Anne-Sophie Bailly
Après les coups de semonce sur sa Défense, l’Europe sait qu’elle devra désormais compter sur elle-même
Après les coups de semonce adressés sur sa Défense et sur sa démocratie, l’Europe sait qu’elle devra désormais plus compter que sur elle-même. Le réveil est brutal.
C’est un triple coup de semonce qui a été adressé en quelques jours à peine aux Européens: les attaques du vice-président américain J.D. Vance contre la démocratie européenne; l’annonce par Donald Trump de l’ouverture de négociations avec Vladimir Poutine sur la guerre en Ukraine sans y inclure ni Kiev ni Bruxelles; l’appel du secrétaire américain Pete Hegseth aux membres européens de l’Otan à dépenser davantage pour leur défense de l’Europe.
Un triple coup de semonce donc, et un réveil brutal pour un Vieux Continent habitué à surfer sur les dividendes de la paix. Depuis, les appels au sursaut fusent pour (re)penser le futur de la Défense européenne. Et des idées sont avancées en matière d’organisation comme de financement. Création d’un cadre structurant, renforcement des collaborations, mutualisation des moyens, installation d’un QG européen… Relèvement du budget de défense des Etats membres à 3% du PIB, assouplissement des règles budgétaires de l’Union en excluant les dépenses de défense du calcul des déficits publics, définition des conditions dans lesquelles ces assouplissements pourraient être consentis, établissement d’un instrument financier commun… Des pistes, donc des propositions, mais aucune position commune au stade actuel.

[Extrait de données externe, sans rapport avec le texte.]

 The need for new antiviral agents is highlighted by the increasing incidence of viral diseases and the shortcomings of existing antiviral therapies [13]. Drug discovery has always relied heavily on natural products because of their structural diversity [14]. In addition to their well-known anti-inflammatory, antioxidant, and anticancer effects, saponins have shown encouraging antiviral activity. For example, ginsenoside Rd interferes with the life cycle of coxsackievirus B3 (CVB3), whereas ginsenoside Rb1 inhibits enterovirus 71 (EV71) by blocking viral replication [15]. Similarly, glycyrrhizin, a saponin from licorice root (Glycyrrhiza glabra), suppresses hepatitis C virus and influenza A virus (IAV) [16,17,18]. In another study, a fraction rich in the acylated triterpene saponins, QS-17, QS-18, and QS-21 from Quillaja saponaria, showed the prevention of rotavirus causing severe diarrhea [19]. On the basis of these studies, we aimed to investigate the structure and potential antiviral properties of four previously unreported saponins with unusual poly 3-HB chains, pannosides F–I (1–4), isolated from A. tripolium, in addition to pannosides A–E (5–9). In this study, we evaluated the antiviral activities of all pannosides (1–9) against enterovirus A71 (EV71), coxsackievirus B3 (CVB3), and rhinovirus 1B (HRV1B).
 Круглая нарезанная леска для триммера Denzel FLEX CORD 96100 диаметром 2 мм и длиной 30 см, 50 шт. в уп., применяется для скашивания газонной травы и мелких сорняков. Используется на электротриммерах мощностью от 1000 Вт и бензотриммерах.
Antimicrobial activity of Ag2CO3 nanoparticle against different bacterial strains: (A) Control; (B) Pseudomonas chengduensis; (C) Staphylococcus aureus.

La concrétisation du sursaut souhaité se heurtant à des freins multiples au rang desquels le ralentissement de la croissance de la zone euro, des niveaux d’endettement inquiétants et des capacités de production de matériel limitées qui entravent la rapidité d’action de l’Europe.
Le cas belge illustre les difficultés de l’Europe à assurer sa sécurité collective en respectant des impératifs budgétaires.

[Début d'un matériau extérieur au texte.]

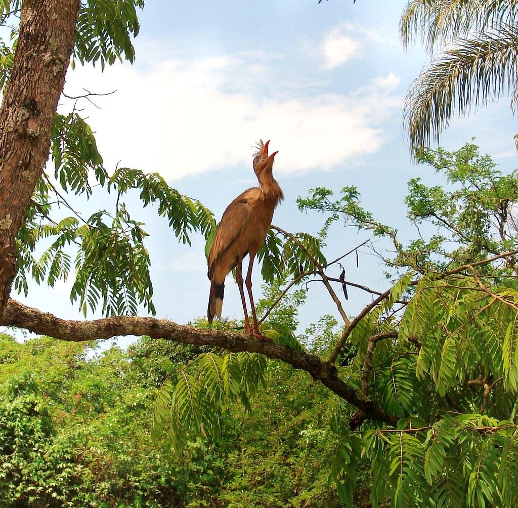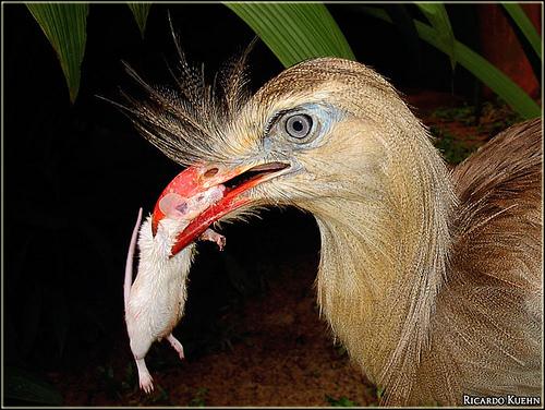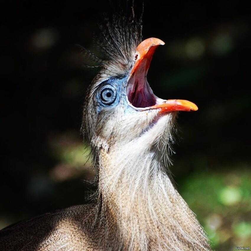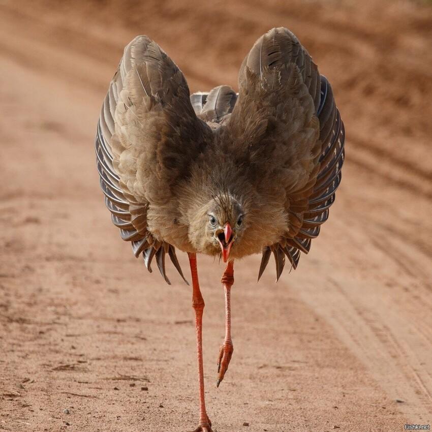 ответить...Самыми большими птицами в лагере были кариамы. Туловище их, величиной с курицу, было посажено на длинные крепкие ноги; на длинной шее сидела крупная голова, напоминавшая голову ястреба, со слегка загнутым на конце клювом и большими серебристыми глазами. Шея и спина нежного серовато-коричневого цвета, книзу переходящего в кремовый. Над самыми ноздрями, у кариамы торчат забавные пучки перьев. Когда эти птицы с обычным для них надменным видом бродили по лагерю, изогнув шею и откинув голову, они очень напоминали высокомерных верблюдов в перьях.Парадный портрет кариамы кисти Большого Сердитого Волка)
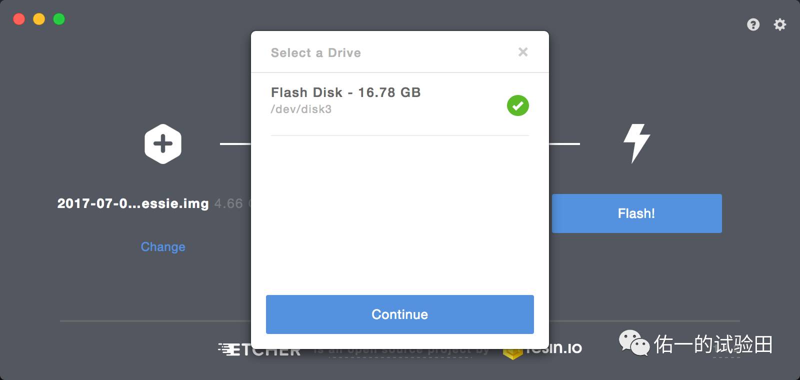 3)Select drive:选择安装介质,也就是我们已经插入电脑的TF卡(这一步一般会自动识别,如果Mac或PC插有多个移动介质,请认准我们将要使用的TF卡)

A cet égard, la limitation du champ d’action belge est parlante. La Belgique prévoit de résorber son retard en matière de dépenses pour la Défense, actuellement de 1,3% du PIB, en les portant à 2% en 2029, pourcentage que les membres de l’Otan devaient atteindre pour 2024. Pour y arriver, le gouvernement De Wever Ier envisage la création d’un nouveau fonds alimenté par la vente des participations actuellement détenues par l’Etat et le versement de dividendes. Bref, essentiellement des opérations one shot. Mais qu’en sera-t-il après 2029? Quels moyens d’action la Belgique pourra-t-elle mobiliser si les exigences sont portées à 3% du PIB, tout en menant également de front des réformes nationales indispensables et en répondant à la grogne sociale?

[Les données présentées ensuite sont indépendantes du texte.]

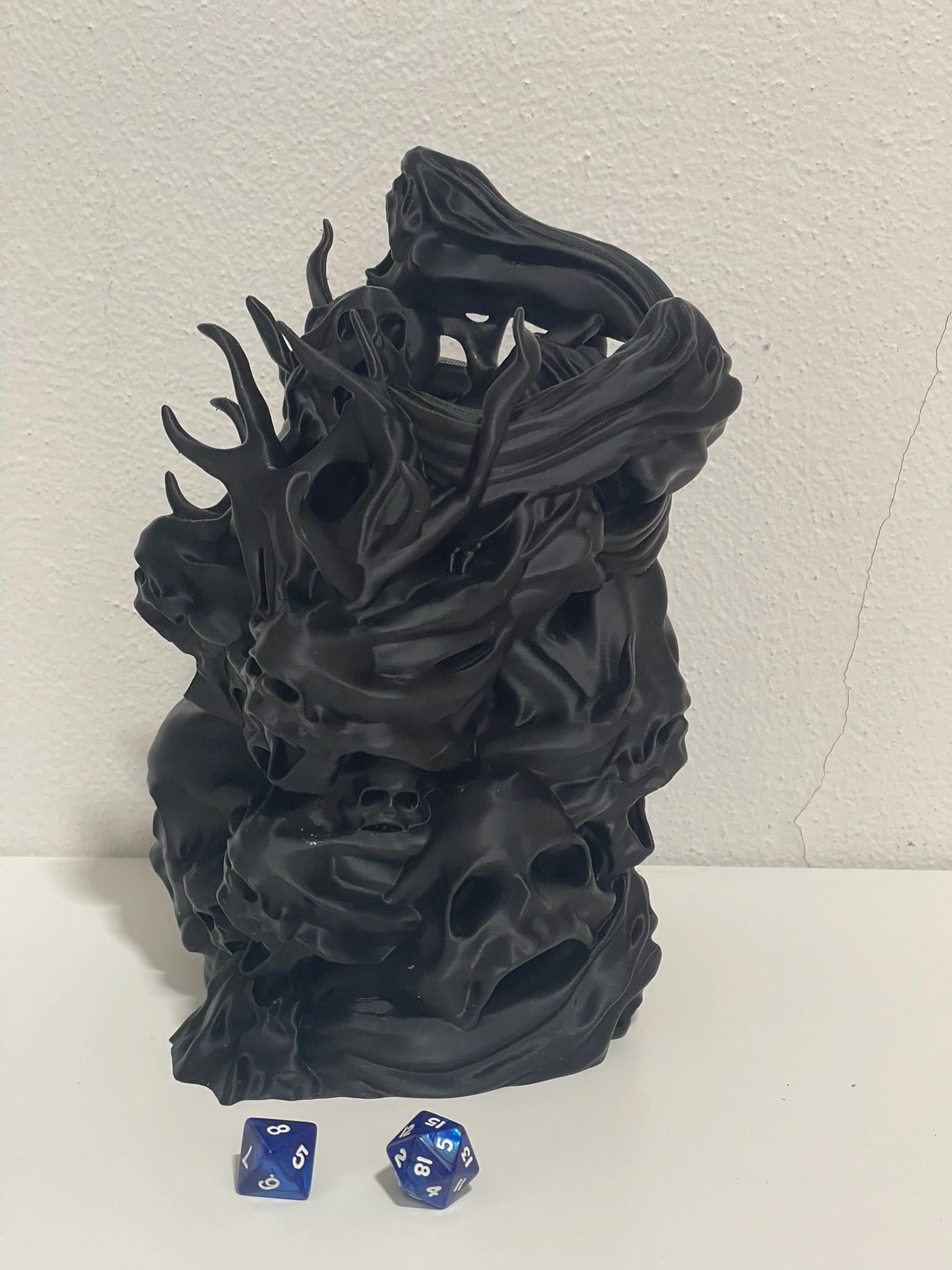 Drop your dice into the top and watch them descend through the hidden internal ramps before emerging at the base — randomized, contained, and ready to decide your fate.
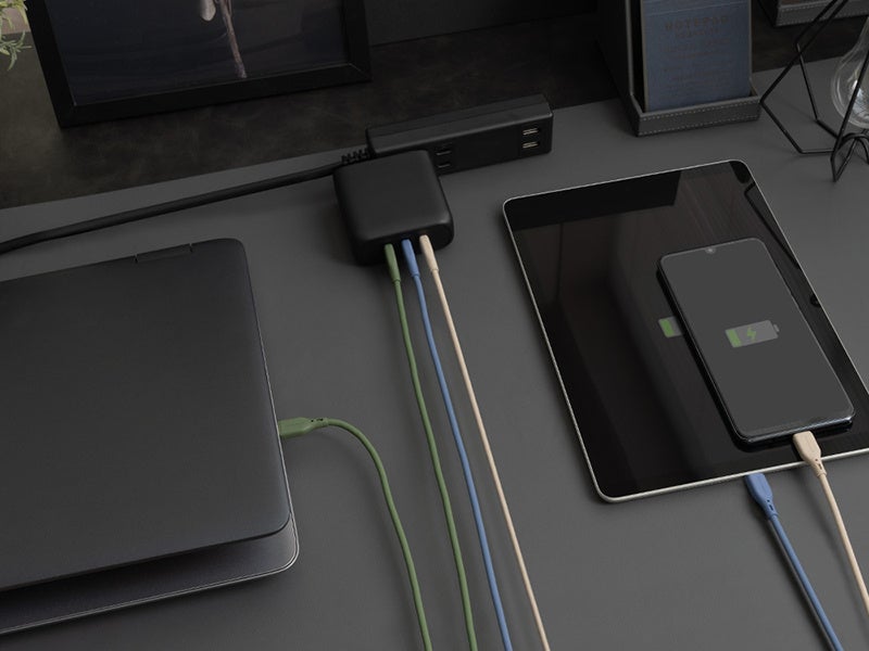 従来のシリコン充電器に代わり発熱性が少なく耐久性があり小型化できる次世代型素材といわれる窒化ガリウムを採用した本商品は、コンパクトなのにUSB Type-C ポートで最大PD100Wの急速充電が可能です。MacBookなどノートPCの充電だけでなく、家族でスマートフォンの充電もできます。

Le cas belge n’est qu’un exemple, mais il illustre les difficultés de l’Europe à assurer sa sécurité collective, à se préparer à un éventuel désinvestissement militaire américain du sol européen en respectant les impératifs budgétaires d’Etats, souverains dans leurs prérogatives en matière de Défense. Le tout en l’absence d’un cap politique commun. Pourtant, l’Europe devra désormais compter sur elle-même. Car oui, les coups de semonce sont clairs.